- Prompt:
Every record below should be transcribed exactly. Omit the images.

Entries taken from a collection
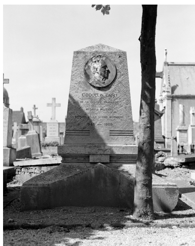
Vue générale. IVR31_19816203416X
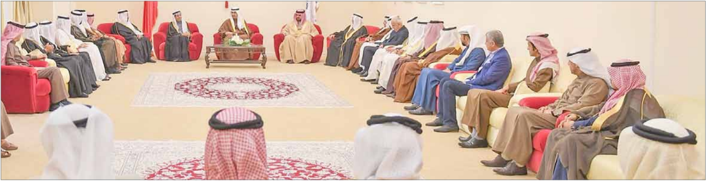
• سمو الشيخ خليفة بن علي مستقبلاً، بحضور سمو الشيخ عيسى بن علي، وجهاء وأعيان المحافظة الجنوبية وعدداً من الصحفيين وجمعاً من الأهالي

تنفيذا لتوجيهات القيادة للبقاء وبشكل مباشر على مقربة منهم... سمو محافظ الجنوبية:
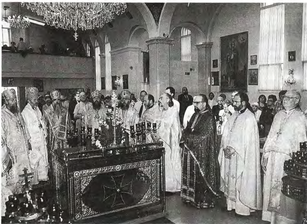
Божественная литургия в Свято-Варваринском кафедральном соборе 28 июля, в день памяти святого равноапостольного великого князя Владимира. Слева направо – епископ Оттавский и Канадский Серафим (Православная Церковь в Америке), митрополит Торонтский Афанасий, Экзарх Канады (Константинопольский Патриархат), митрополит Минский и Слуцкий Филарет, архиепископ Днепропетровский и Павлоградский Ириней, епископ Каширский Марк

После доклада митрополит Минский и Слуцкий Филарет вручил награды Русской Православной Церкви многим прихожанам и священнослужителям Патриарших приходов.
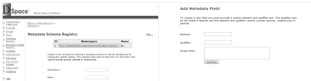
<그림 1> DSpace 메타데이터 요소 확장 화면

DSpace는 메인 홈페이지로부터 필요한 프로그램을 일괄 다운받는 턴키방식(turn-key approach)을 적용하고 있다. 1) 따라서 다른 시스템에 비해서 상대적으로 쉽게 설치할 수 있는 소프트웨어라는 평가를 받고 있다(Castagné 2013, 2). DSpace 설치 후에는 자관이 필요로 하는 메타데이터를 커스터마이징 할 수 있다. 가령, <그림 1>과 같이 새로운 메타데이터 요소를 추가하고자 할 경우 네임 스페이스와 이름을 입력하면 바로 요소가 생성이 되는데, 이 때, 해당 시스템에서 활용할 요소명과 필요하다면 한정어와 주기를 추가할 수 있다.
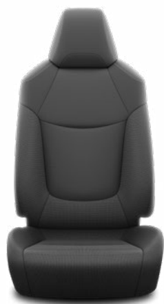
Fekete szövet ülésborítás Alapfelszereltség az Active felszereltségnél

- The answer:
Vue générale. IVR31_19816203416X
• سمو الشيخ خليفة بن علي مستقبلاً، بحضور سمو الشيخ عيسى بن علي، وجهاء وأعيان المحافظة الجنوبية وعدداً من الصحفيين وجمعاً من الأهالي

تنفيذا لتوجيهات القيادة للبقاء وبشكل مباشر على مقربة منهم... سمو محافظ الجنوبية:
Божественная литургия в Свято-Варваринском кафедральном соборе 28 июля, в день памяти святого равноапостольного великого князя Владимира. Слева направо – епископ Оттавский и Канадский Серафим (Православная Церковь в Америке), митрополит Торонтский Афанасий, Экзарх Канады (Константинопольский Патриархат), митрополит Минский и Слуцкий Филарет, архиепископ Днепропетровский и Павлоградский Ириней, епископ Каширский Марк

После доклада митрополит Минский и Слуцкий Филарет вручил награды Русской Православной Церкви многим прихожанам и священнослужителям Патриарших приходов.
<그림 1> DSpace 메타데이터 요소 확장 화면

DSpace는 메인 홈페이지로부터 필요한 프로그램을 일괄 다운받는 턴키방식(turn-key approach)을 적용하고 있다. 1) 따라서 다른 시스템에 비해서 상대적으로 쉽게 설치할 수 있는 소프트웨어라는 평가를 받고 있다(Castagné 2013, 2). DSpace 설치 후에는 자관이 필요로 하는 메타데이터를 커스터마이징 할 수 있다. 가령, <그림 1>과 같이 새로운 메타데이터 요소를 추가하고자 할 경우 네임 스페이스와 이름을 입력하면 바로 요소가 생성이 되는데, 이 때, 해당 시스템에서 활용할 요소명과 필요하다면 한정어와 주기를 추가할 수 있다.
Fekete szövet ülésborítás Alapfelszereltség az Active felszereltségnél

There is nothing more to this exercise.